5.5. Gut Microbiota and Anorexia Nervosa
Anorexia nervosa (AN), recognized as the most severe eating disorder, predominantly impacts adolescent females (up to 4%) and a smaller percentage of males (up to 0.3%) [131,132]. This condition is marked by a significantly low body weight resulting from restrictive behaviors that are not related to food availability or other medical issues [133] (World Health Organization, 2018). Besides genetic predisposition, psychosocial and interpersonal elements may initiate the disorder, while changes in neural circuits contribute to its persistence [134]. Given its primary focus on nutrition, AN significantly influences the gut microbiome. Numerous studies have indicated a decrease in alpha diversity among AN patients compared to healthy individuals, even during various stages of refeeding [135,136,137]. Methanobrevibacter smithii has often been identified in greater abundance in AN cases and shows a negative correlation with BMI. Other microbial changes include a reduction in Roseburia, Ruminococcus, and Clostridium, along with variations in short-chain fatty acids (SCFAs) such as butyrate and propionate, which are associated with anxiety and metabolic indicators [138]. Individuals with AN also exhibit lower levels of neurotransmitters and metabolites, including serotonin, dopamine, GABA, and acetate [139], although the precise connection to microbiota is still not fully understood. Variations in microbial composition have also been noted between restrictive and binge-purging types of AN, indicating that microbiota profiles may differ by subtype [139]. Importantly, alpha diversity appears to improve following short-term weight recovery, although beta diversity may still differ from that of healthy individuals [140]. These observations bolster the increasing interest in probiotic and microbiome-based treatments for adolescents suffering from AN [141].

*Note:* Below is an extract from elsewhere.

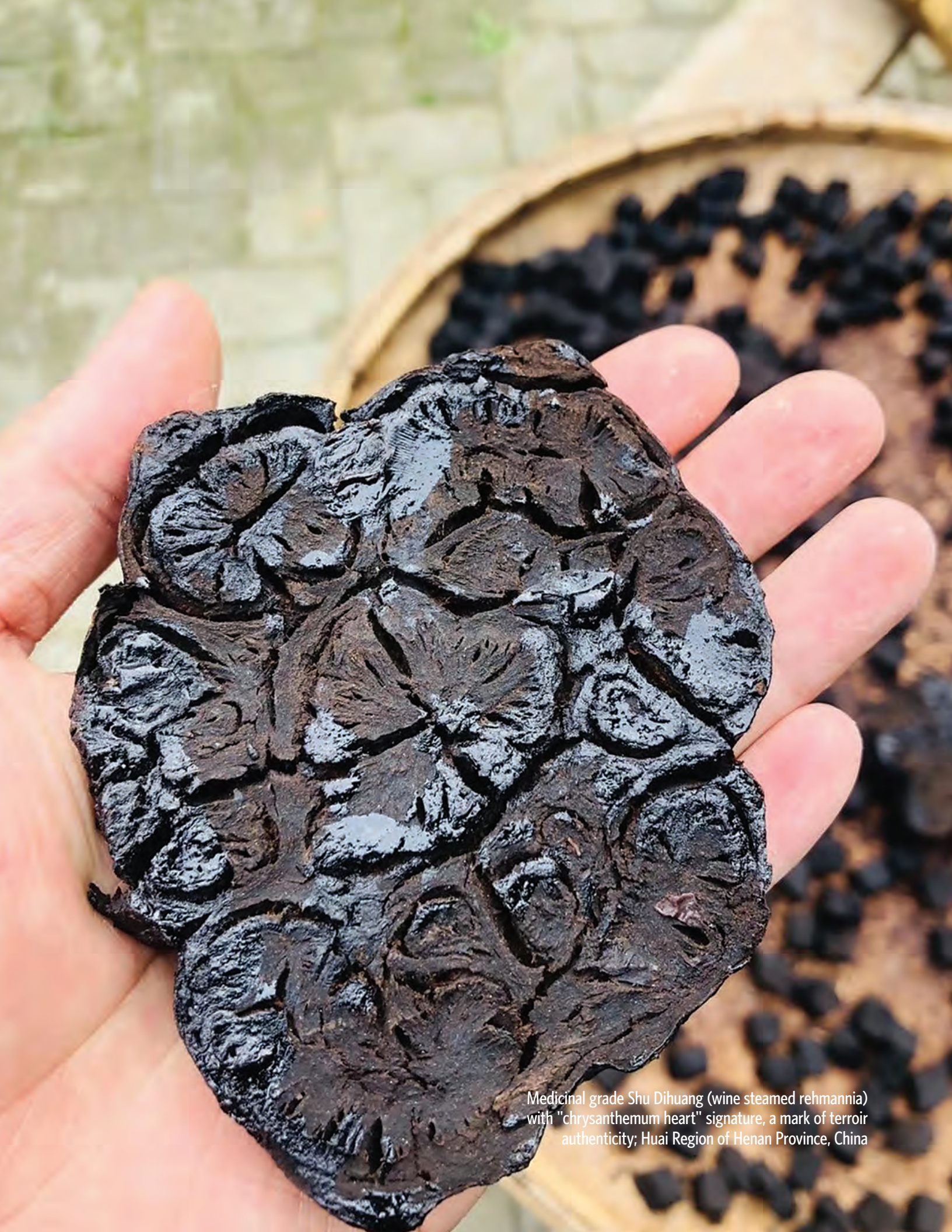
Medicinal grade Shu Dihuang (wine steamed rehmannia) with "chrysanthemum heart" signature, a mark of terroir authenticity; Huai Region of Henan Province, China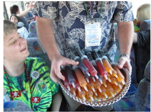
How handy, jello in a syringe!

5.6. Gut Microbiota and Social Anxiety
In a longitudinal birth cohort study that tracked children from one month old into their teenage years, researchers utilized the Dirichlet Multinomial Mixtures (DMM) method to analyze gut microbiota patterns during puberty. They identified four unique microbial clusters in children aged 12 to 14 years [142]. One of these clusters, named Puberty_3, stood out due to its notably low levels of Faecalibacterium, which was significantly linked to heightened social anxiety symptoms at age 14 [142]. This connection was further corroborated by a cross-sectional negative correlation between the relative abundance of Faecalibacterium and social anxiety scores, indicating a possible role for this taxon as a microbial marker for anxiety-related psychopathology in early adolescence [142]. Although Puberty_3 also contained higher levels of other genera such as Bifidobacterium, Akkermansia, Subdoligranulum, Christensenellaceae R-7 group, and Dialister, none of these exhibited a statistically significant cross-sectional relationship with social anxiety at age 14, underscoring the particular importance of Faecalibacterium in this scenario [142].

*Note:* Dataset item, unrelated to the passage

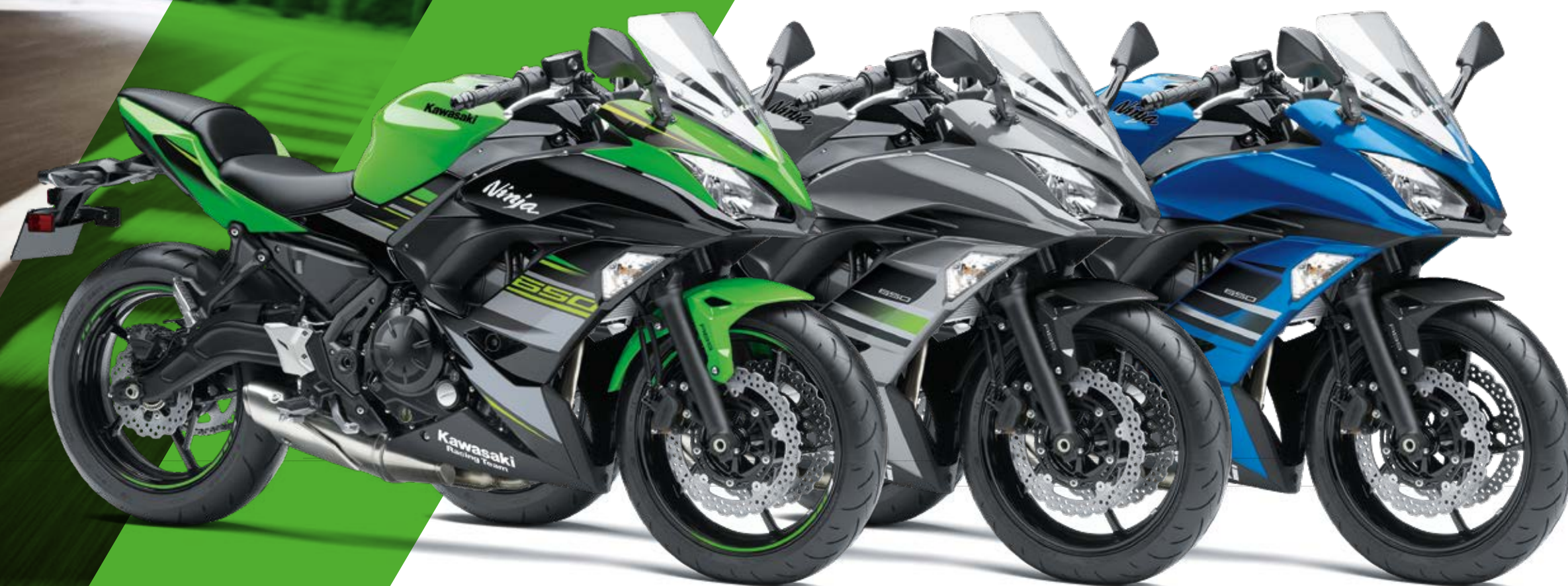
LIME GREEN / EBONY (KRT EDITION)

Previous research has indicated lower levels of Faecalibacterium in individuals with generalized anxiety disorder (GAD), as well as in various psychiatric groups, including those suffering from MDD, bipolar disorder, and autism spectrum disorder (ASD) [143,144,145,146]. Specifically, a decrease in Faecalibacterium abundance has been associated with the intensity and length of social exclusion experiences among young adults, implying that this genus might have a more extensive role in influencing social cognition and stress-related behaviors [145]. From a mechanistic standpoint, Faecalibacterium prausnitzii—the most prevalent and well-studied species in this genus—is recognized for its ability to produce butyrate, a short-chain fatty acid known for its strong anti-inflammatory effects [147,148]. In addition to its immunomodulatory functions, butyrate also affects gut–brain communication by regulating gut hormone levels, which are involved in appetite control and mood, potentially influencing behavioral and emotional regulation during critical developmental phases such as puberty [149,150].

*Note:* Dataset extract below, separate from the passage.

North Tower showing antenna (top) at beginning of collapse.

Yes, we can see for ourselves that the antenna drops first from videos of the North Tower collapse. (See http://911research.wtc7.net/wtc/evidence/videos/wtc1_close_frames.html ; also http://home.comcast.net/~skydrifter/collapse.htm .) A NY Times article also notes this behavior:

The strength of this study is attributed to its longitudinal design and the utilization of a well-defined community sample, enabling the authors to track microbiota trajectories from early life to adolescence and connect them to behavioral outcomes within a developmental context [142]. Additionally, by grouping children based on microbiota composition instead of isolated taxa, the authors clarified the intricate relationships between microbial diversity and behavior, while accounting for various confounding factors such as diet, sleep, and alcohol consumption [142]. Importantly, although three out of the four pubertal clusters were similar to previously identified adult enterotypes, the Faecalibacterium-depleted Puberty_3 cluster seemed less stable and may indicate a less mature or more transitional state of microbiota [142]. These results emphasize the potential role of Faecalibacterium as a significant microbial marker of social anxiety in young individuals and stress the relevance of gut microbiota composition as a potential biomarker and modifiable element in the prevention and treatment of anxiety disorders. Nevertheless, since this is an observational study, causal relationships cannot be established. Future investigations should focus on validating these results through mechanistic studies, including metagenomic and metabolomic analyses, and ideally through interventional trials [142,151,152].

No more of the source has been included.